Problem
Return the line that has "Skateboarder on Cement" and all lines below it through the last, exactly as they stand; omit pictures.

BEGIN Source material

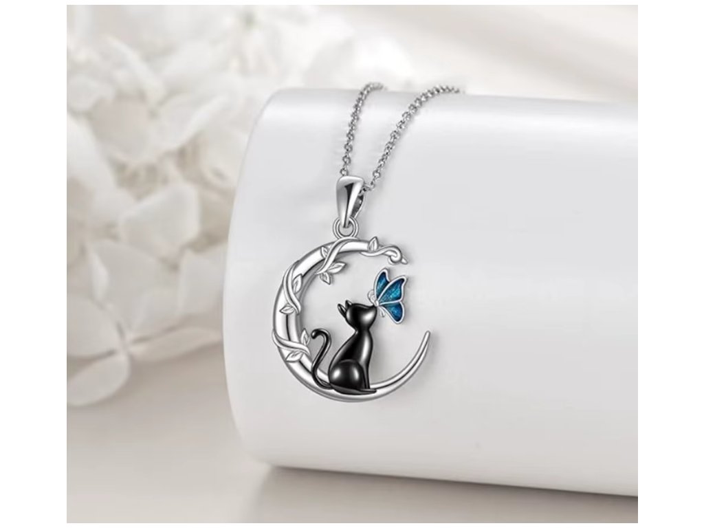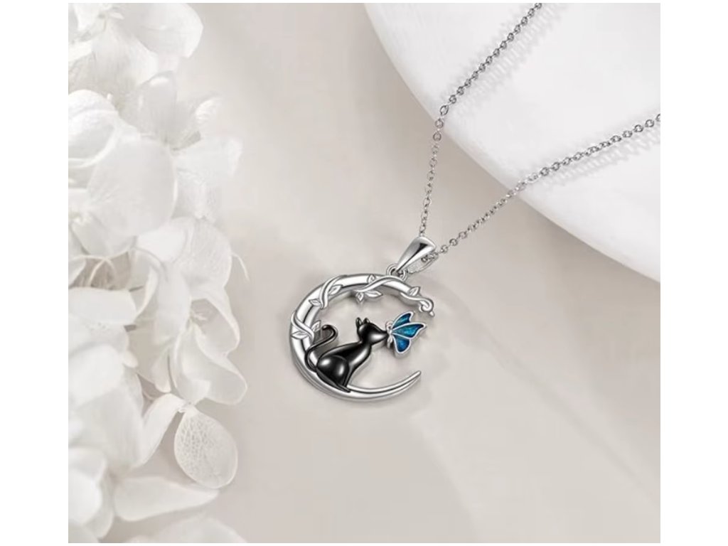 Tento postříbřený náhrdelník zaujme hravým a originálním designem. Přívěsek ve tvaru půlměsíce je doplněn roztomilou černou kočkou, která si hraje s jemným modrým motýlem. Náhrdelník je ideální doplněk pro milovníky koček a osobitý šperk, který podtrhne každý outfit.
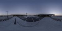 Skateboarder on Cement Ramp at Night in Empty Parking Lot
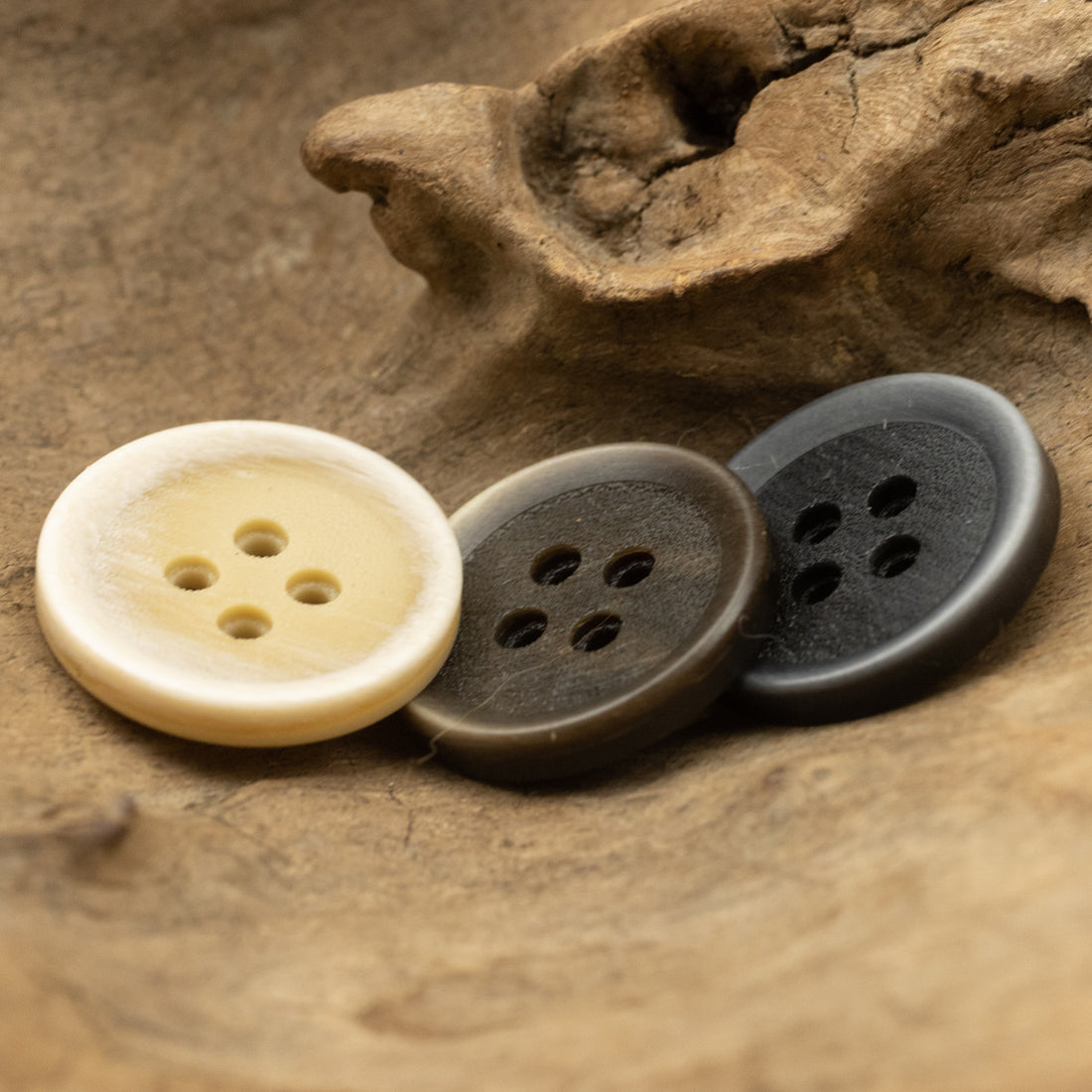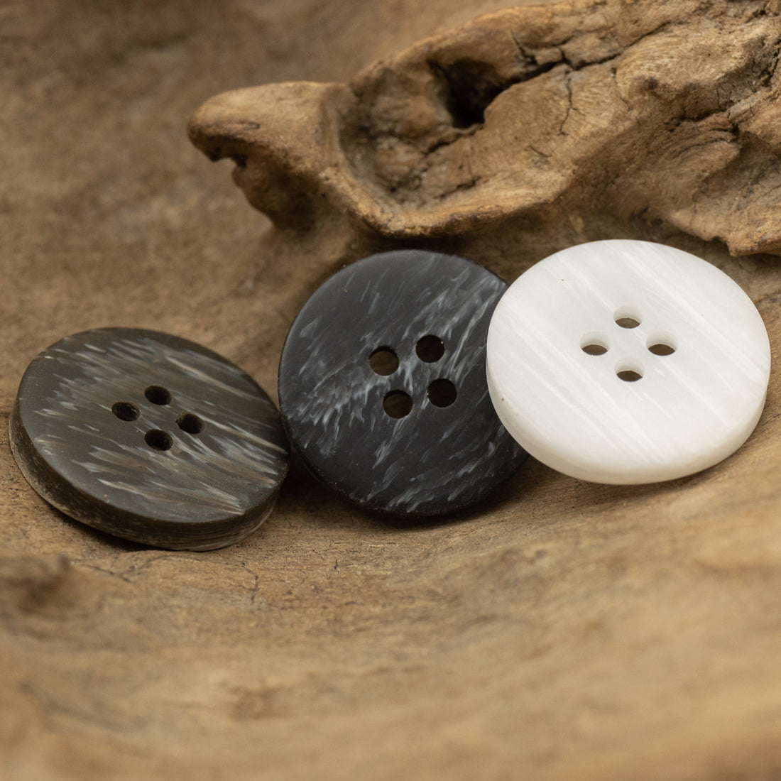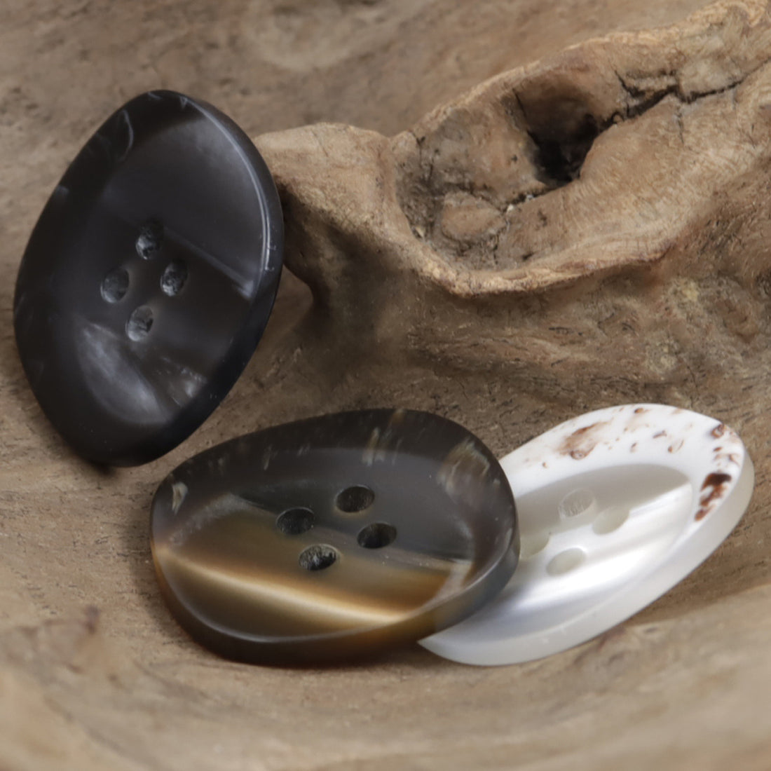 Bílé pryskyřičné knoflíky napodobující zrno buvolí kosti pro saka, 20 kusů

END Source material

Task response
 Skateboarder on Cement Ramp at Night in Empty Parking Lot
 Bílé pryskyřičné knoflíky napodobující zrno buvolí kosti pro saka, 20 kusů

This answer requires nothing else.